◆ DIRECTIONS
Transcribe every line below exactly; no image goes into the output.

[[ DATA EXCERPT, beginning ]]

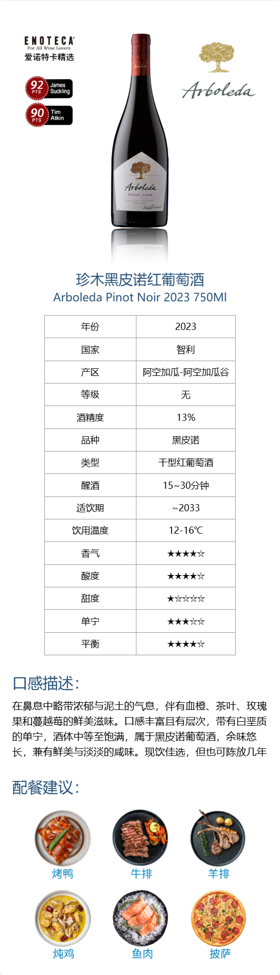 珍木黑皮诺红葡萄酒 2023 ARBOLEDA PINOT NOIR 750ml
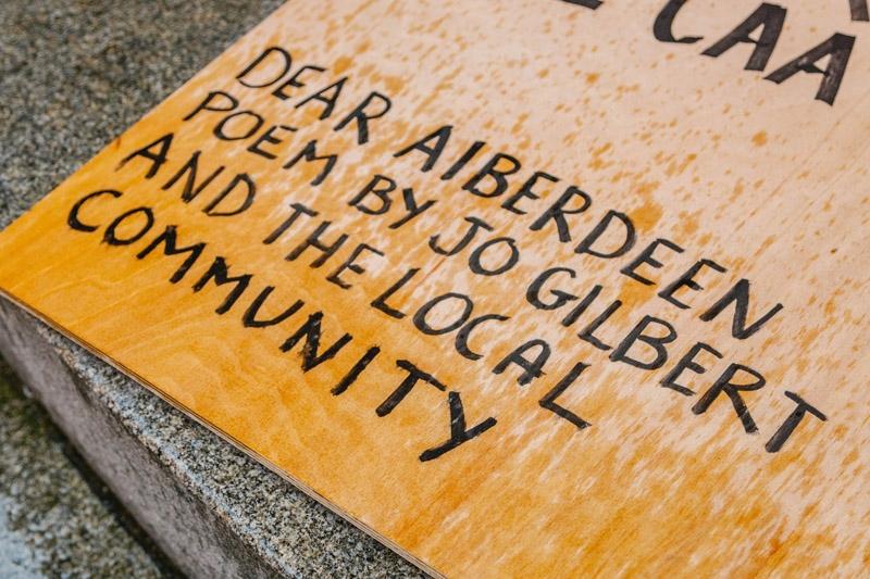 Morag has been working with Northeast-based poet Jo Gilbert, who has written new poems in Doric that are incorporated into the structure. Jo also collaborated with Aberdeen Multi Cultural Centre and these new works are powerfully emotional in their outpouring of love for the city. Love at First Sight provided the stage for a range of performances from the local Aberdeen spoken word, comedy and music scenes, curated by Jo Gilbert.
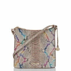 Featured in Multi Knightley, an unexpected, fresh take on seville snake. The classic snake embossed texture is mixed with bright, vibrant colors for a modern reinvention while the neutral base keeps this ultra-versatile and easy to style. The iridescent accents give this a hint of shine for an extra-special touch. Made with genuine leather.
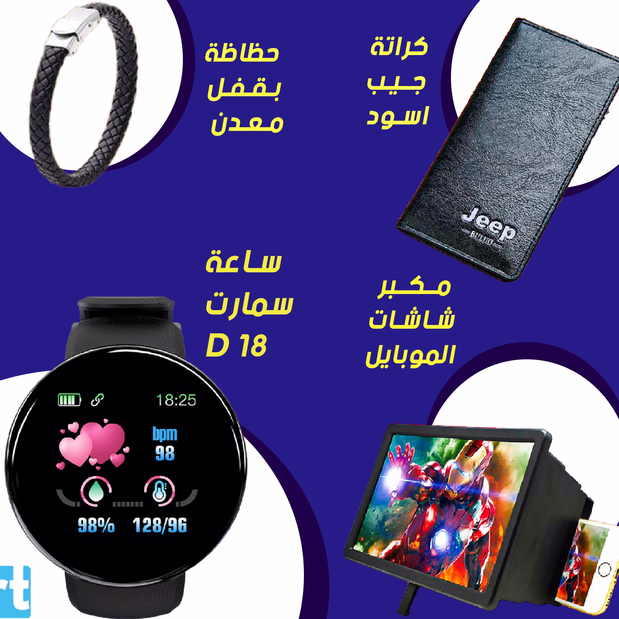 D18 Smart Watch + كراتة جلد Jeep أسود + مكبر شاشات للموبايل F2 + حظاظة يد بقفل معدن

[[ DATA EXCERPT, end ]]

◆ ANSWER TO THE PROBLEM
 珍木黑皮诺红葡萄酒 2023 ARBOLEDA PINOT NOIR 750ml
 Morag has been working with Northeast-based poet Jo Gilbert, who has written new poems in Doric that are incorporated into the structure. Jo also collaborated with Aberdeen Multi Cultural Centre and these new works are powerfully emotional in their outpouring of love for the city. Love at First Sight provided the stage for a range of performances from the local Aberdeen spoken word, comedy and music scenes, curated by Jo Gilbert.
 Featured in Multi Knightley, an unexpected, fresh take on seville snake. The classic snake embossed texture is mixed with bright, vibrant colors for a modern reinvention while the neutral base keeps this ultra-versatile and easy to style. The iridescent accents give this a hint of shine for an extra-special touch. Made with genuine leather.
 D18 Smart Watch + كراتة جلد Jeep أسود + مكبر شاشات للموبايل F2 + حظاظة يد بقفل معدن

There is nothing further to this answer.